Directions: In the records that follow, find the line containing "金刚轮为小金刚专属法宝,可以" and the line containing "Free access to", then transcribe both and every line between them exactly, omitting pictures.

### Data ###

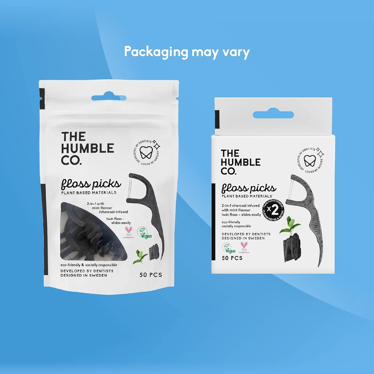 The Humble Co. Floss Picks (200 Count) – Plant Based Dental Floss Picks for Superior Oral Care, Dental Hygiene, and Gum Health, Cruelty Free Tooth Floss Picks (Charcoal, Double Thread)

###
### Data ###

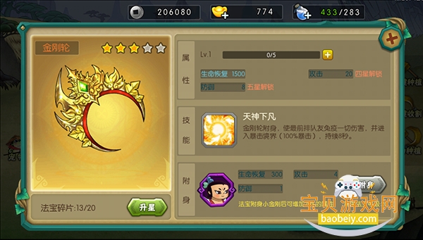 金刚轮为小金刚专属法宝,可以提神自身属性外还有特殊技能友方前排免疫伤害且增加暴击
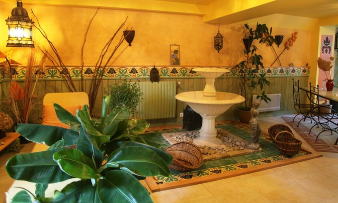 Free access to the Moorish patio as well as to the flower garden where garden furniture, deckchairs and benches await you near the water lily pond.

###

Exercise solution:
 金刚轮为小金刚专属法宝,可以提神自身属性外还有特殊技能友方前排免疫伤害且增加暴击
 Free access to the Moorish patio as well as to the flower garden where garden furniture, deckchairs and benches await you near the water lily pond.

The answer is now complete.